A secret to solving the most difficult problems
This week, I’m re-sharing one of my favorite mental models of all time.
“Invert, always invert: Turn a situation or problem upside down. Look at it backward. What happens if all our plans go wrong? Where don’t we want to go, and how do you get there? Instead of looking for success, make a list of how to fail instead – through sloth, envy, resentment, self-pity, entitlement, all the mental habits of self-defeat. Avoid these qualities and you will succeed. Tell me where I’m going to die, that is, so I don’t go there.”
– Charlie Munger
The true genius behind Warren Buffett and Charlie Munger? Their ability to look at problems differently than the way you or I look at them.
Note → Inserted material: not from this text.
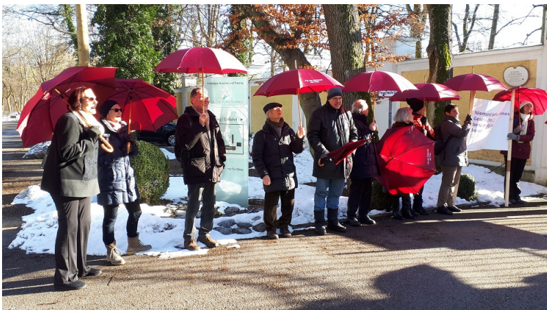
... mit mehr als 20 Frauen und Männern von Münchner Kreis, Gemeindeinitiative und Wir sind Kirche
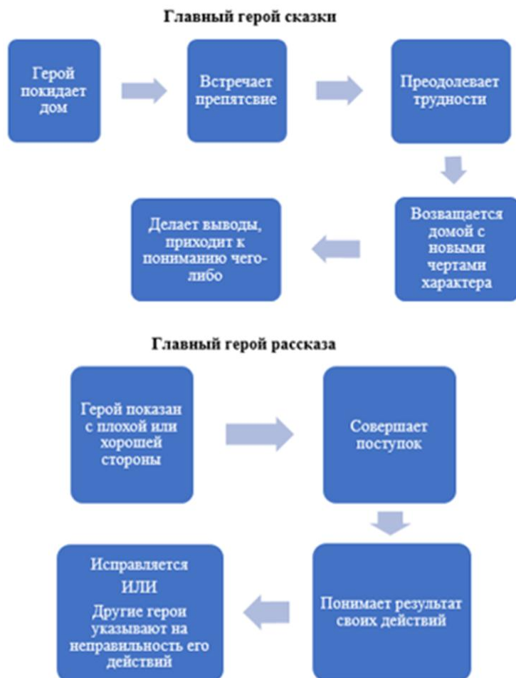
Рис. 2. Памятка «Главный герой произведения»

Their success is derived from the fact that they’ve not learned how to solve difficult business problems, but instead that they’ve learned how to avoid them in the first place.
This mental model is known as inversion.
It works by taking an idea and flipping the starting point. And it works for even the simplest of challenges – like figuring out how to get the gym. If your goal is to go to the gym five days a week, don’t just assume you’ll get there. Invert. Think about all the obstacles that stand in your way of getting to the gym every day and then pick them off one by one in order to avoid them.
Like Munger and Buffet, I don’t look for success directly, but instead figure out how to avoid failure. Doing so helps me identify the obstacles that are likely in my future and solve them before they even occur.
So here’s a tip: Imagine the worst-case scenario and how that might happen and then do everything in your power to avoid it.
What are some ways you rely on the mental model of inversion to achieve your goals?